**ASSIGNED TASK**
Copy each record below exactly, please, and leave its pictures out.
———
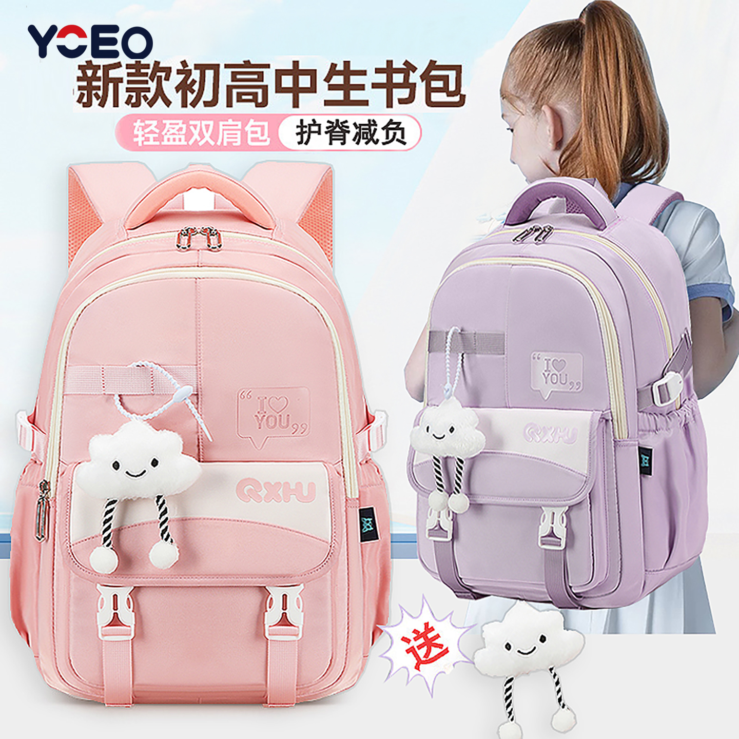 初中生书包女生小学生2025新款大容量高中生可爱轻便护脊旅行背包
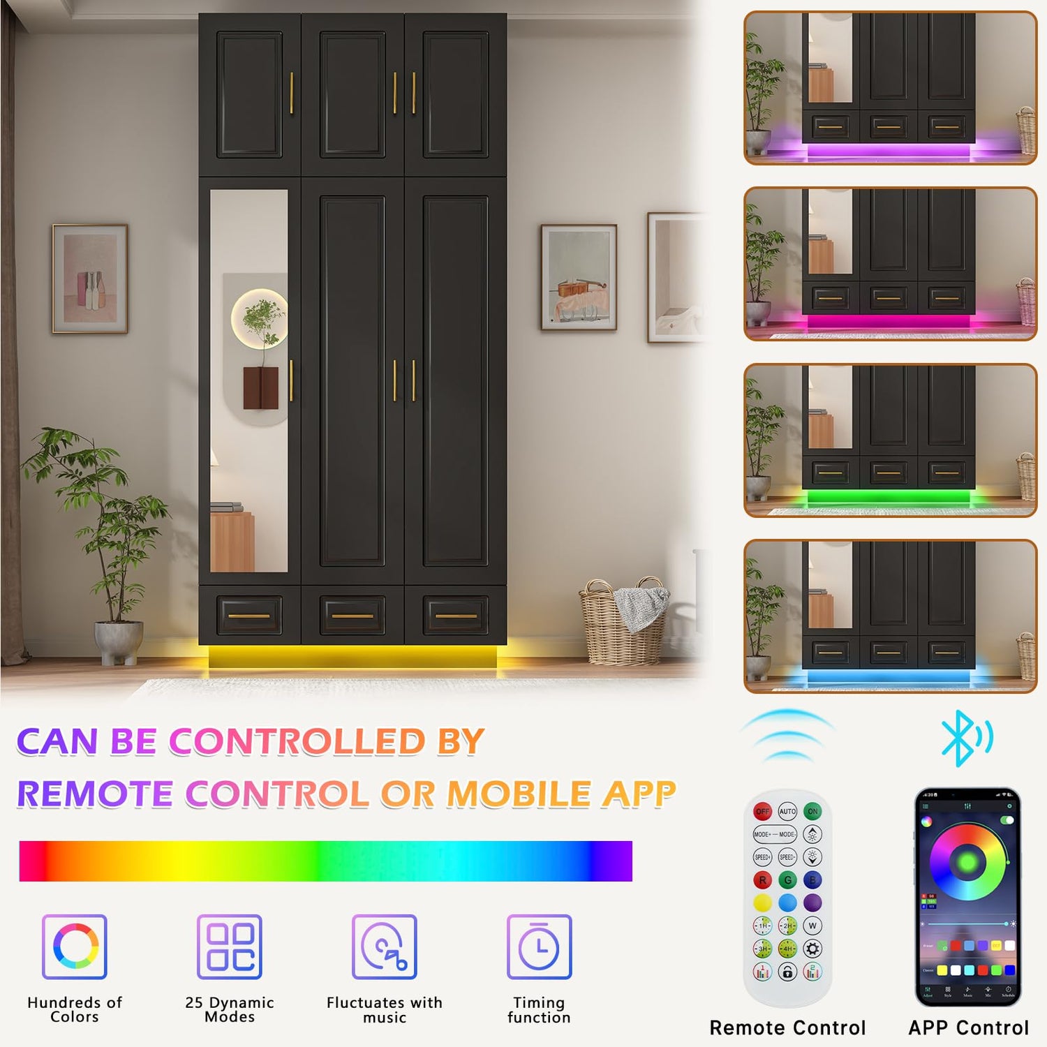 - 【Cabinets with Multiple RGB Lights】Wardrobe closet with LED lights with variable RGB colors, control the different styles of lighting effects you want by manual buttons or mobile apps. This LED armoire with drawers can enrich your bedroom space and can also be used as a night light to avoid darkness
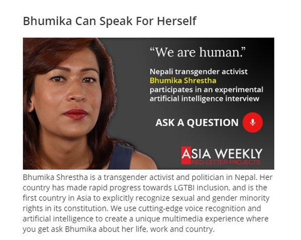 這次視像新聞主角是尼泊爾的一位名叫布米卡的變性者,一個在南亞備受爭議的新聞人物。尼泊爾的“第三性”運動使該國成為亞洲地區(qū)第一個承認變性人士合法權(quán)益的國家,該國的護照相應(yīng)出現(xiàn)了“第三性”性別的選項。布米卡是該國第一位以“第三性”性別身份護照出國的變性人士。
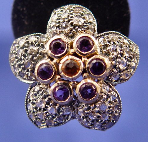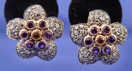 DIAMOND, AMETHYST & CITRINE EARRINGS: Georgian style post back floral motif earrings of 14k & sterling, approx. 4ctw of all stones, approx. 7/8'', 13.4 grams.
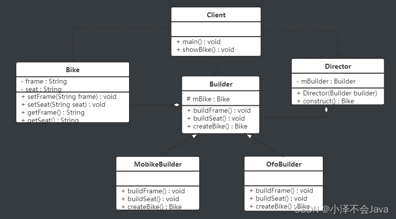 这里Bike是产品,包含车架,车座等组件;Builder是抽象建造者,MobikeBuilder和OfoBuilder是具体的建造者;Director是指挥者。类图如下:
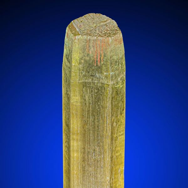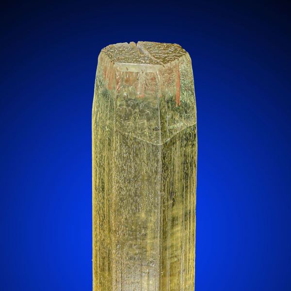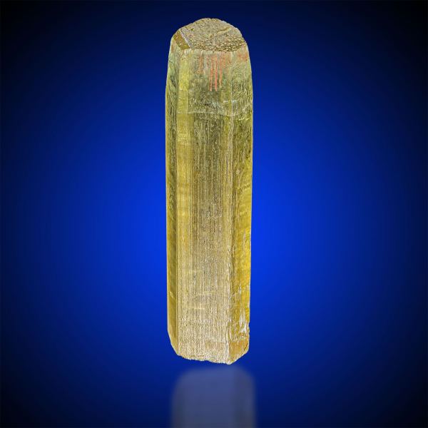 This is a classic, doubly terminated Heliodor from this well known Brazilien locale. This single crystal is of super quality. It is gemmy and features a fine yellow colour with a slightly tapering termination, which is a bit lighter . Some edges at the major termiantion are beautifully bevelled and this termiantion has an interesting pattern as well as the prism faces. A very good and aesthetic specimen, pristine all around.Data last checked on 31st Dec 2021 - specimen may no longer be available
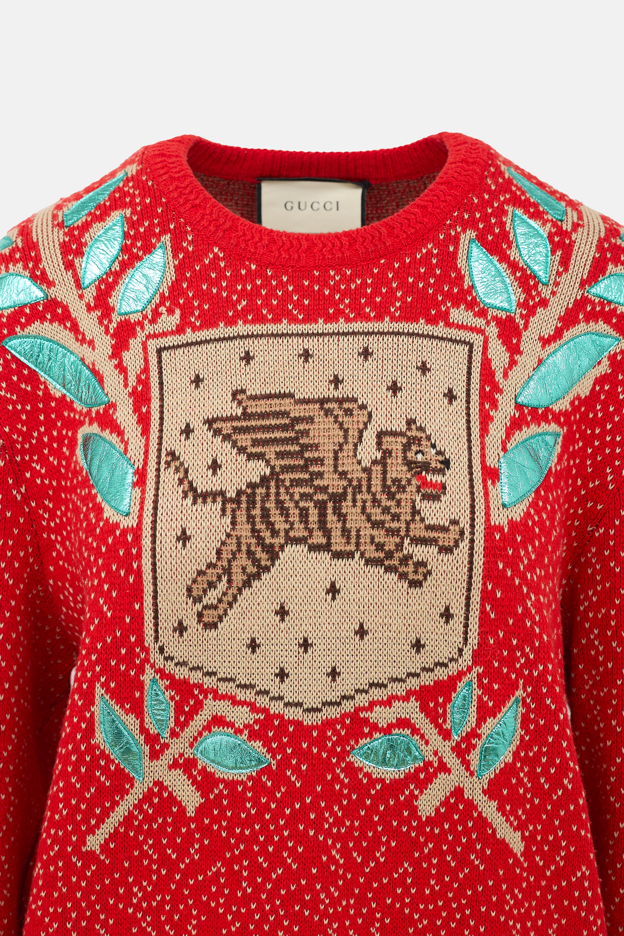 Gucci 2017 red knit sweater featuring Flying Tiger intarsia, crew neckline, metallic leaf patches, and beige speckle motif.
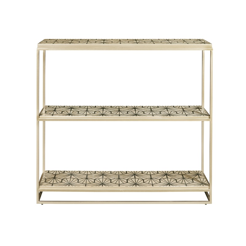 Inspired by home dcor tiles, this charming, versatile console displays an intricate, printed pattern on all surfaces and is supported by a sturdy metal frame. The sleek, minimalist, two-tiered structure provides ample space for displaying decorative items,
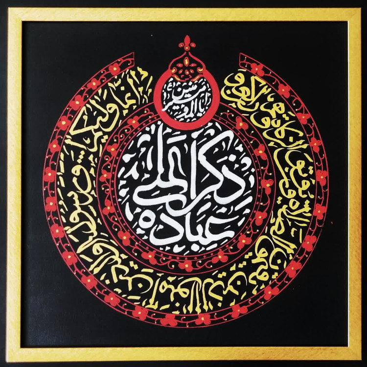 تابلو خوشنویسی کالیگرافی نقاشیخط ذکر علی عباده کپی
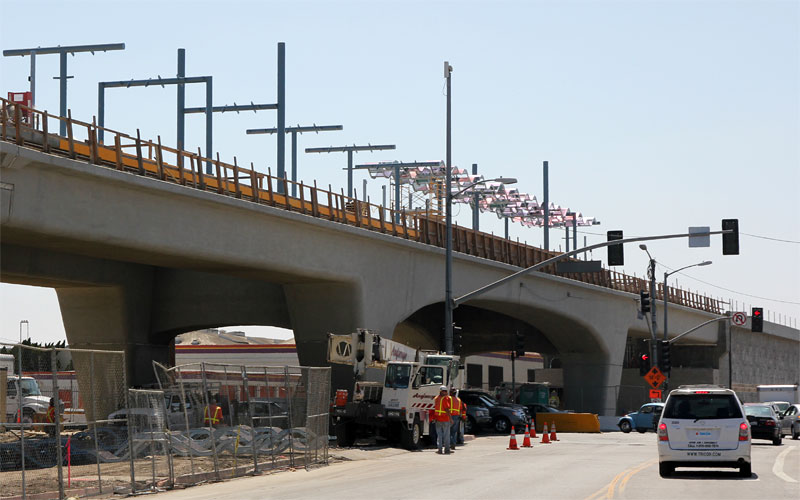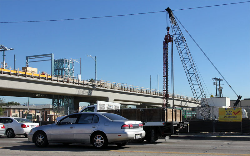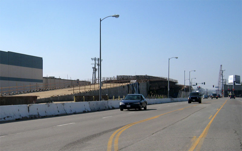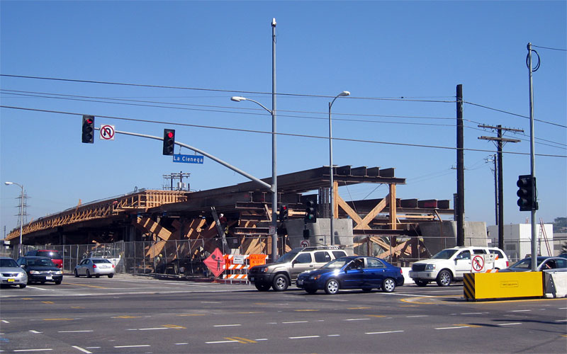 2/23/10 Looking west along Jefferson west from La Cienega we see the nearly-completed La Cienega bridge and aerial station on the left, falsework for the Jefferson-Ballona Creek bridge in the distance on the right, and the MSE (Mechanically-Stabilized Earth) fill section rising in between.
———
**WRITTEN SOLUTION**
 初中生书包女生小学生2025新款大容量高中生可爱轻便护脊旅行背包
 - 【Cabinets with Multiple RGB Lights】Wardrobe closet with LED lights with variable RGB colors, control the different styles of lighting effects you want by manual buttons or mobile apps. This LED armoire with drawers can enrich your bedroom space and can also be used as a night light to avoid darkness
 這次視像新聞主角是尼泊爾的一位名叫布米卡的變性者,一個在南亞備受爭議的新聞人物。尼泊爾的“第三性”運動使該國成為亞洲地區(qū)第一個承認變性人士合法權(quán)益的國家,該國的護照相應(yīng)出現(xiàn)了“第三性”性別的選項。布米卡是該國第一位以“第三性”性別身份護照出國的變性人士。
 DIAMOND, AMETHYST & CITRINE EARRINGS: Georgian style post back floral motif earrings of 14k & sterling, approx. 4ctw of all stones, approx. 7/8'', 13.4 grams.
 这里Bike是产品,包含车架,车座等组件;Builder是抽象建造者,MobikeBuilder和OfoBuilder是具体的建造者;Director是指挥者。类图如下:
 This is a classic, doubly terminated Heliodor from this well known Brazilien locale. This single crystal is of super quality. It is gemmy and features a fine yellow colour with a slightly tapering termination, which is a bit lighter . Some edges at the major termiantion are beautifully bevelled and this termiantion has an interesting pattern as well as the prism faces. A very good and aesthetic specimen, pristine all around.Data last checked on 31st Dec 2021 - specimen may no longer be available
 Gucci 2017 red knit sweater featuring Flying Tiger intarsia, crew neckline, metallic leaf patches, and beige speckle motif.
 Inspired by home dcor tiles, this charming, versatile console displays an intricate, printed pattern on all surfaces and is supported by a sturdy metal frame. The sleek, minimalist, two-tiered structure provides ample space for displaying decorative items,
 تابلو خوشنویسی کالیگرافی نقاشیخط ذکر علی عباده کپی
 2/23/10 Looking west along Jefferson west from La Cienega we see the nearly-completed La Cienega bridge and aerial station on the left, falsework for the Jefferson-Ballona Creek bridge in the distance on the right, and the MSE (Mechanically-Stabilized Earth) fill section rising in between.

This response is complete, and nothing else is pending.